**What is needed**
Could you restate word for word only the lines below from the one holding "길거리 지나가다 우연히" to the one holding "Professor Pip carefully", inclusive, and leave out the pictures?

**Given records**

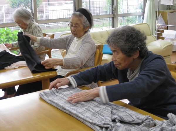 こんにちは!グループホームみんなの家・あきがせの介護ブログです!よろしくお願いいたします。日課である洗濯物を畳んでくださっているご様子をお知らせいたします!!
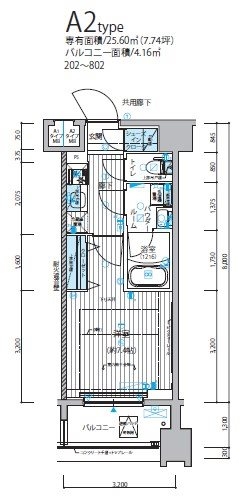 | 専有面積 | 25.60m² | バルコニー面積 | |
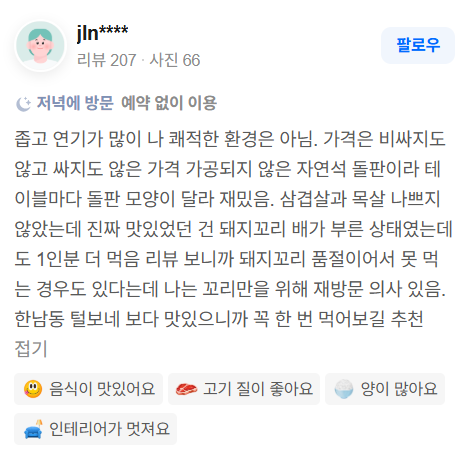 - “성수 길거리 지나가다 우연히 발견했는데 진짜 미친 고깃집… 돌판구이 방식이 신선했어요.”
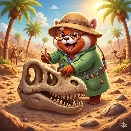 Professor Pip carefully brushing dust off a large, exposed dinosaur bone (like a femur or skull) at a sunny, sandy dig site, using a tiny brush and wearing a wide-brimmed safari hat over his lab coat.
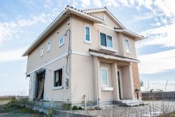 If You looked at this house from the front, You probably would not guess there is something wrong about it. But reality is way different... This picture also clearly shows how tsunami has "bitten" into the house.
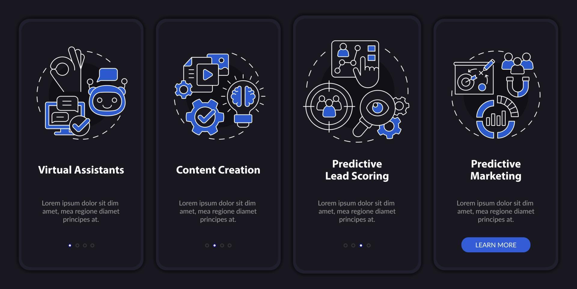 Usage of AI in marketing night mode onboarding mobile app screen. Walkthrough 4 steps graphic instructions pages with linear concepts. UI, UX, GUI template. Myriad Pro-Bold, Regular fonts used Pro Vector
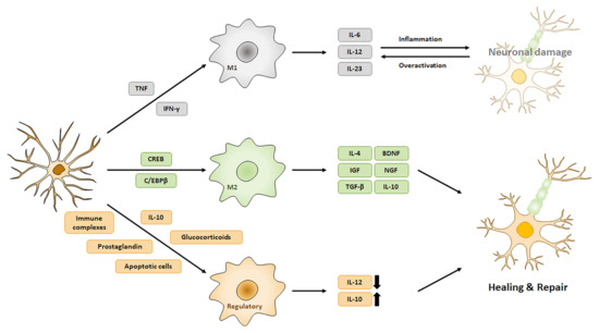 M2 activation of microglia is triggered by the cyclic AMP response element binding protein (CREB) and the C/EBP transcription factor, which not only induces the secretion of IL-4, IL-10, TGF- and neuroprotective factors, but also stimulates the initiation of chronic inflammatory processes (tissue repair) that inhibit pro-inflammatory responses [32,33]
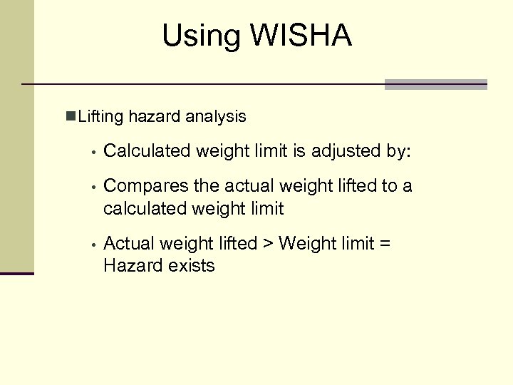 Using WISHA n Lifting hazard analysis • Calculated weight limit is adjusted by: • Compares the actual weight lifted to a calculated weight limit • Actual weight lifted > Weight limit = Hazard exists
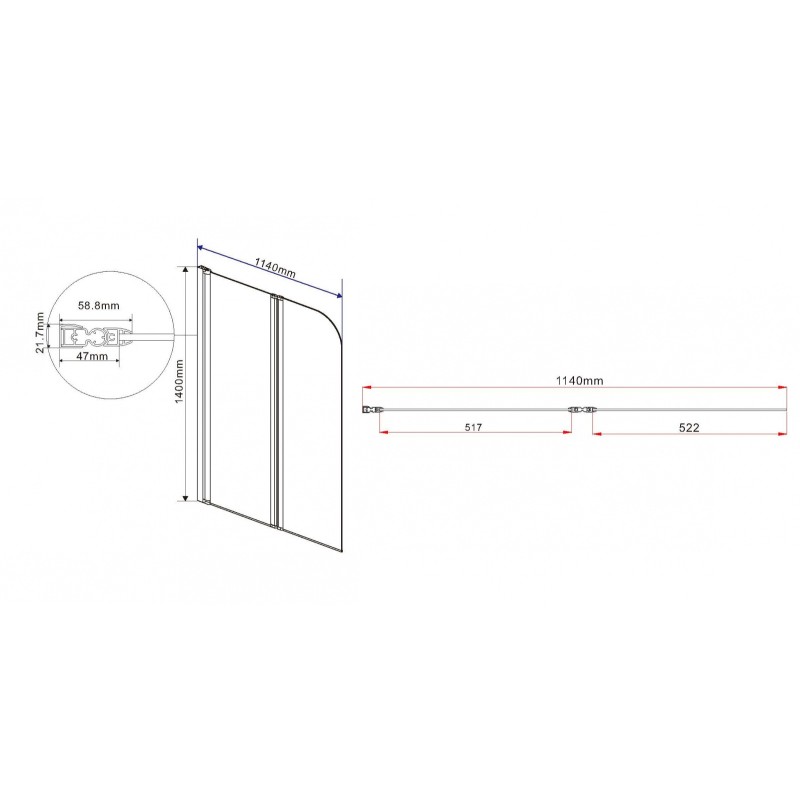 Душевая шторка для ванны Vincea VSB-12 1140х1400 стекло прозрачное, профиль хром (VSB-12114CL)

**Task response**
 - “성수 길거리 지나가다 우연히 발견했는데 진짜 미친 고깃집… 돌판구이 방식이 신선했어요.”
 Professor Pip carefully brushing dust off a large, exposed dinosaur bone (like a femur or skull) at a sunny, sandy dig site, using a tiny brush and wearing a wide-brimmed safari hat over his lab coat.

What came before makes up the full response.